11.2 Disclosure to Investors; Public Announcements. Prior to making any public announcement or other disclosure regarding this Agreement, the Parties will agree in writing on an initial press release of the transaction contemplated by this Agreement (the “Initial Press Release”). The Initial Press Release may be issued or used by any Party individually or by the Parties jointly on or after the Effective Date. Other than the Initial Press Release and any information described therein, neither Party will disclose the specific terms described in this Agreement without the prior written approval of the other Party, except such announcements or disclosures, as in the opinion of the counsel for the Party making such announcement or disclosure, are required by law or regulation (including, without limitation, the regulations or rules of any stock exchange or similar self-governing body) If a Party decides to make an announcement or disclosure it believes to be required by law or regulation with respect to this Agreement or the subject matter hereof, it will give the other Party such notice as is reasonably practicable and the Parties will work together in good faith to attempt to agree on the content of the disclosure; provided, however, that if such announcement or disclosure is required to be made immediately pursuant to any applicable law or regulation, then no such agreement will be required, and provided further that the Party deciding to make such an announcement shall have the final decision making authority with respect to the form, content and timing of such disclosure.

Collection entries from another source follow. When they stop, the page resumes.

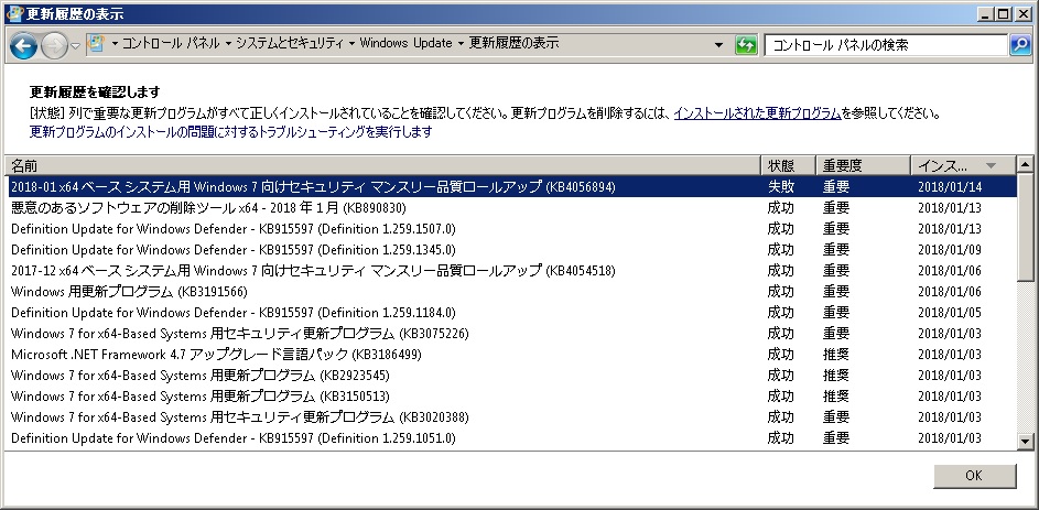 【セキュリティ】Windows7(64Bit)でKB4056894の更新に失敗する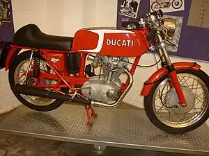 The Ducati 250 24 Horas (24 hours) is a 247 cc (15.1 cu in) single cylinder bevel drive SOHC motorcycle produced by the Spanish manufacturer MotoTrans, who were licensed by Ducati to produce motorcycles under the Ducati brand name. The model was based on the 'narrow case' Ducati 250 and produced in three series from 1966 to 1974.[5] It was named after Ducati's successes in the 24 hours of Montjuïc endurance races. Around 2,000 machines were produced in total.[1]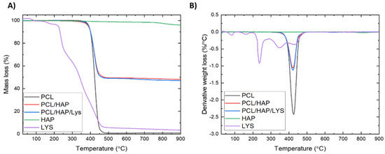 (A) Thermogravimetric curves of PCL-based foams. (B) First derivative of the TGA curves of PCL-based foams.

11.3 Required Disclosure. The receiving Party will be entitled to disclose Confidential Information where such disclosure is reasonably necessary to enforce its rights pursuant to this Agreement or where demand for such disclosure is made on the receiving Party pursuant to: (i) a valid order of a court or other governmental body or (ii) any other applicable law or regulation; provided that if the receiving Party intends to make such disclosure or receives such demand, the receiving Party will give the disclosing Party prompt notice of such fact to enable the disclosing Party to seek a protective order or other appropriate remedy concerning any such disclosure. The receiving Party will fully co-operate with the disclosing Party at the disclosing Party’s expense in connection with the disclosing Party’s efforts to obtain any such order or other remedy. If any such order or other remedy does not fully preclude disclosure, the receiving Party will make such disclosure only to the extent that such disclosure is legally required.

11.4 Use of Council’s Name. LICENSEE will not use or refer to Council’s name, in writing or otherwise, except (1) with the approval of Council in accordance with the following sentence of this clause, (ii) by disseminating informational materials furnished by Council or (iii) in order to comply with any requirement of the FDA or any other requirement of applicable law. Prior to each proposed use of Council’s name (other than pursuant to clause (ii) above), LICENSEE will submit to Council a sample of such proposed use. Not later than the tenth Business Day (the “Notice Deadline”) after the date of its receipt of such sample, Council will notify LICENSEE in writing (the “Use Notice”) whether it approves such proposed use, which approval will not be unreasonably withheld. If Council does not deliver the Use Notice on or before the Notice Deadline, Council will be deemed to have approved such use. When using Council’s name in any promotional and other materials or public information generated by LICENSEE relating to the Licensed Product, LICENSEE will credit Council for its role in inventing and developing the Licensed Product.